Take the lines in the listing below from the line with "Typical tiling complete." up to and including the line with "Three instructors at" and set them down exactly, skipping pictures and adding nothing.

_Material for this task_:
········

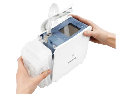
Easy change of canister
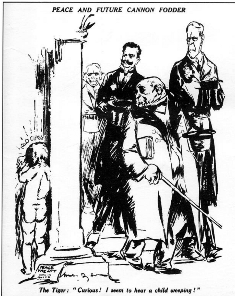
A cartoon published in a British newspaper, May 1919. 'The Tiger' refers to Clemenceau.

········

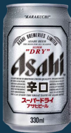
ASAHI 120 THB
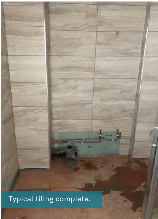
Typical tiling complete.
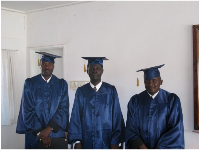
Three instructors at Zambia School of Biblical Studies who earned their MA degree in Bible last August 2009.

········

_Response to the exercise_:
Typical tiling complete.
Three instructors at Zambia School of Biblical Studies who earned their MA degree in Bible last August 2009.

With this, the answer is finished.